Ventilation non invasive : peut-être une nouvelle molécule pour optimiser sa tolérance ?

Si le succès de la ventilation non invasive (VNI) est étroitement lié à la coopération et au confort du patient, le recours à la sédation-analgésie au cours de la VNI reste néanmoins controversé. Cependant, correctement titrée, la sédation-analgésie peut parfois être utile lors de la mise en route de la VNI pour en améliorer la tolérance.

La dexmédétomidine (Dex.), un nouvel hypnotique/antalgique injectable (IV), agoniste des récepteurs alpha2-adrénergiques, très récemment mis sur le marché en France, a ainsi été comparé de façon prospective randomisée en double aveugle, à un protocole de sédation-analgésie placebo (P), chez 36 patients nécessitant une VNI pour insuffisance respiratoire aiguë (IRA). Dans les deux bras, Dex. (n = 16) et P (n = 17), il était possible d’administrer du midazolam et du Fentanyl si besoin selon les objectifs de sédation et de douleurs retenus. Les auteurs ne retrouvaient aucune différence entre les deux groupes pour les deux critères principaux de jugement pour toute la durée d’application de la VNI : pourcentage de temps passé au niveau de sédation/analgésie souhaitée (score SAS 3-4 et EVA < 5) et bonne tolérance de la VNI (score de tolérance ≤ 1/4). Seuls les patients les plus intolérants à la VNI lors de sa mise en route (6 versus 5 patients dans les 2 groupes respectivement) semblaient pouvoir bénéficier de la Dex. pour améliorer la tolérance de la VNI (p = 0,05). Par ailleurs, il n’était pas retrouvé de différence pour les complications (hypotension, bradycardie) ni le devenir des patients (échec VNI, intubation, durée de séjour, mortalité), même si le bras Dex. avait tendance à être sursédaté.

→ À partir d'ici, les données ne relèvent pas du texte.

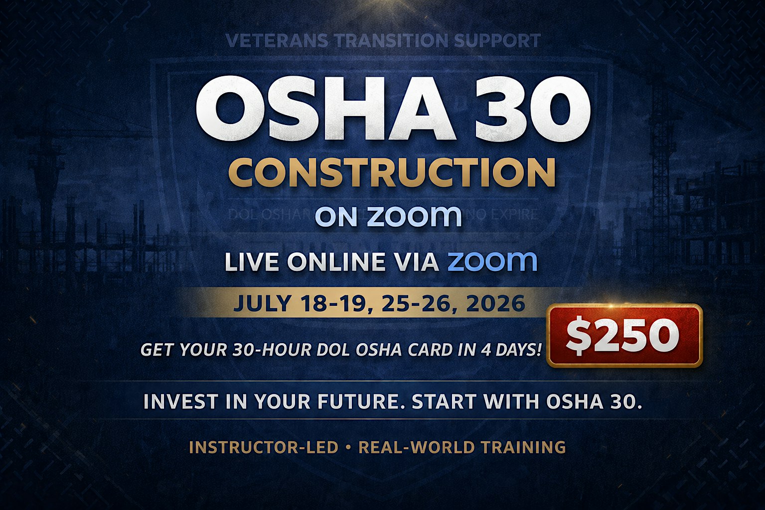 ZOOM OSHA 30-Hour Construction Safety Course JULY 18-19, 25-26 2026 $250

Même si cette étude pilote semble suggérer un bénéfice potentiel, mais très modeste, de la Dex à la phase initiale de mise en place d’une VNI chez les patients les plus intolérants, elle est loin d’emporter la conviction. Sous réserve d’études complémentaires et de mieux connaître cette nouvelle molécule, il apparaît donc plus que nécessaire de toujours rester prudent dans le recours à la sédation-analgésie au cours de la VNI.

 

 

 


Christophe Girault, d’après la communication orale de J.W. Devlin et coll. Am J Respir Crit Care Med 187 ; 2013 [Publication page : A5236] Efficacy and safety of dexmedetomidine during non-invasive ventilation for patients with acute respiratory failure : a randomized, double-blind, placebo-controlled, pilot study. Session D16 : « Randomized and observational studes in critical care ».